Authors Küçük A, Polat Y, Kılıçarslan A, Süngü N, Kartal H, Dursun AD, Arslan M

Received 2 September 2020

Accepted for publication 18 January 2021

Published 4 February 2021 Volume 2021:15 Pages 361—368

DOI https://doi.org/10.2147/DDDT.S279318

Checked for plagiarism Yes

Review by Single anonymous peer review

Peer reviewer comments 2

Editor who approved publication: Dr Qiongyu Guo


Ayşegül Küçük,1,* Yücel Polat,2 Aydan Kılıçarslan,3 Nuran Süngü,3 Hakan Kartal,4 Ali Doğan Dursun,5,* Mustafa Arslan6

1Kutahya Health Sciences University, Medical Faculty, Department of Physiology, Kutahya, Turkey; 2Mehmet Akif Ersoy Thoracic and Cardiovascular Surgery Training and Research Hospital, Department of Cardiovascular Surgery, Istanbul, Turkey; 3Yildirim Beyazit University, Medical Faculty, Department of Pathology, Ankara, Turkey; 4Gulhane Medical Faculty, Gulhane Education and Research Hospital, Department of Cardiovascular Surgery, Ankara, Turkey; 5Atilim University, Medical Faculty, Department of Physiology, Ankara, Turkey; 6Gazi University, Medical Faculty, Department of Anesthesiology and Reanimation, Ankara, Turkey

*These authors contributed equally to this work

Correspondence: Mustafa Arslan
Gazi University, Medical Faculty, Department of Anesthesiology and Reanimation, Ankara, 06510, Turkey
Tel +90 312 202 67 39
Email mustarslan@gmail.com

Aim: The aim of this study was to evaluate the effects of irisin in a murine model of hind limb ischemia reperfusion (I/R).
Methods: The mice were divided into four groups (n = 6 in each group): control, irisin, ischemia reperfusion (I/R), and irisin-ischemia reperfusion (I–I/R).

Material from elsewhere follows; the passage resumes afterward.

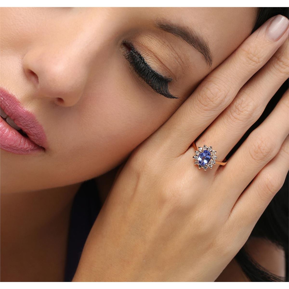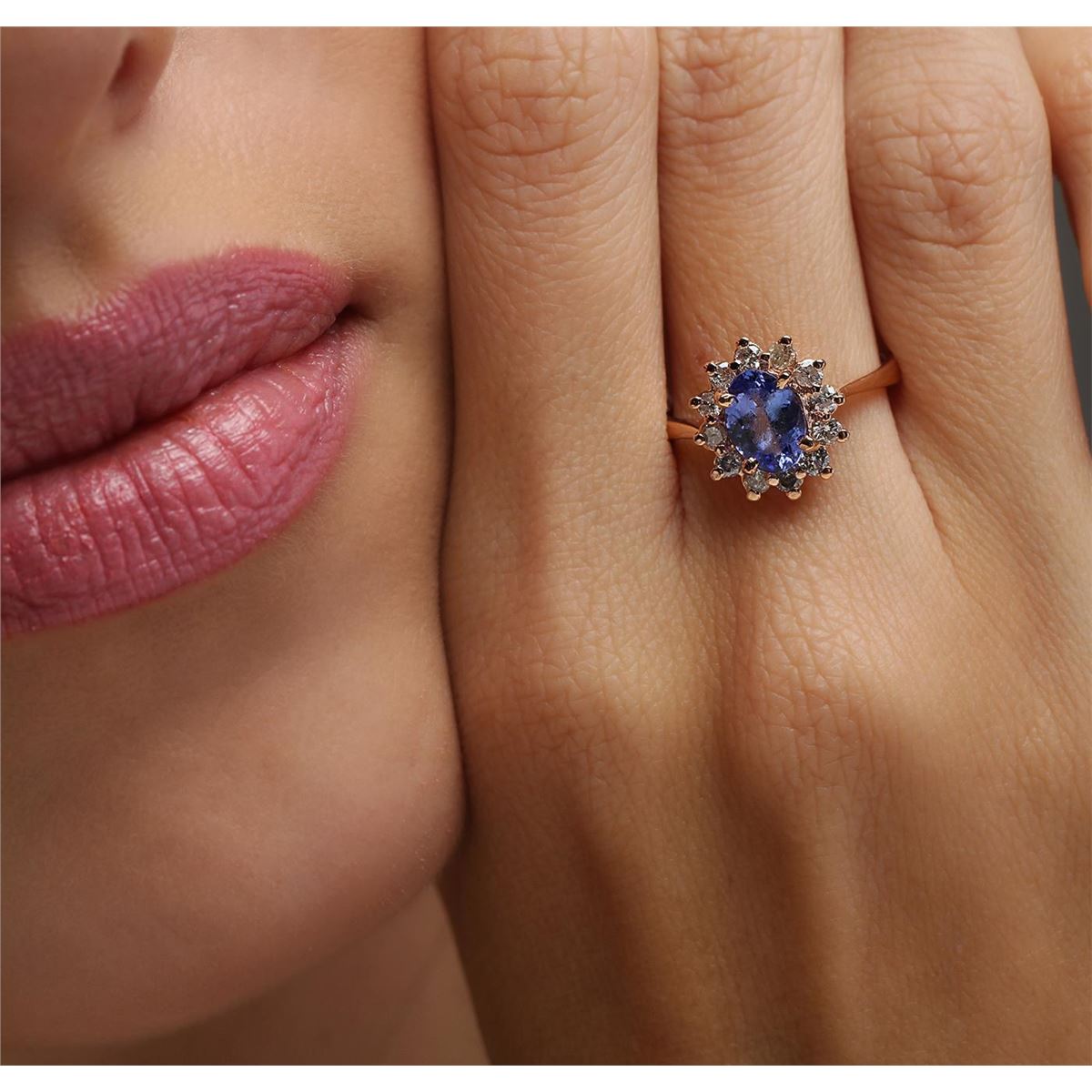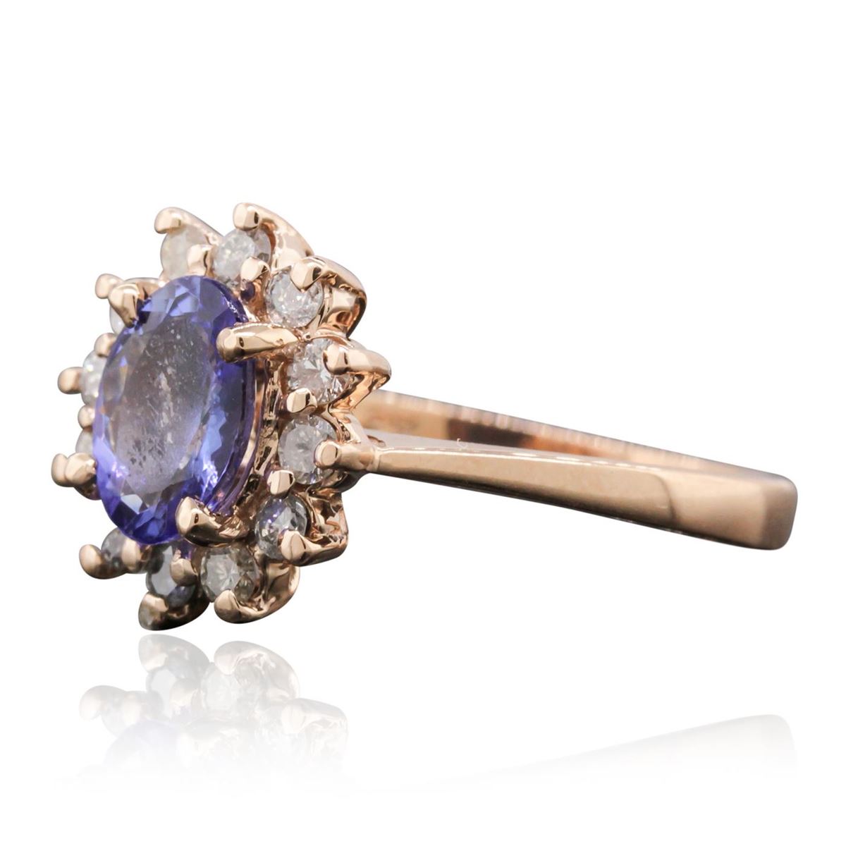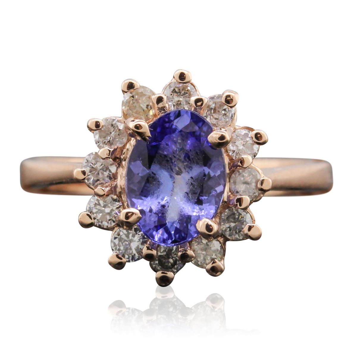 One ring featuring: 14KT Rose Gold with a total weight of 3.50 grams, Tanzanite with a total weight of 1.06ct, and Diamonds with a total weight of 0.36ctw.

Irisin (0.5 μg.g− 1, intraperitoneally [i.p.]) was administered 30 min before the I/R procedure. After 2 h of ischemia and 2.5 h of reperfusion, blood and tissue samples were taken for biochemical and histopathological analysis. The results were analyzed by Kruskal–Wallis and Mann–Whitney U-tests.
Results: There was a statistically significant difference in the total antioxidant status (TAS) and total oxidant status (TOS) levels in all the groups. The TAS level in the I/R group was significantly lower than that in the control, irisin, and I–I/R groups, whereas the TOS level was significantly higher in the I/R group as compared with that in the other groups. Caspase-3 activity and caspase-8 activity, indicators of inflammation, were significantly higher in the I/R and I–I/R groups as compared with those in the control and irisin groups.
Conclusion: Irisin may have protective effects in skeletal muscle ischemia reperfusion injury.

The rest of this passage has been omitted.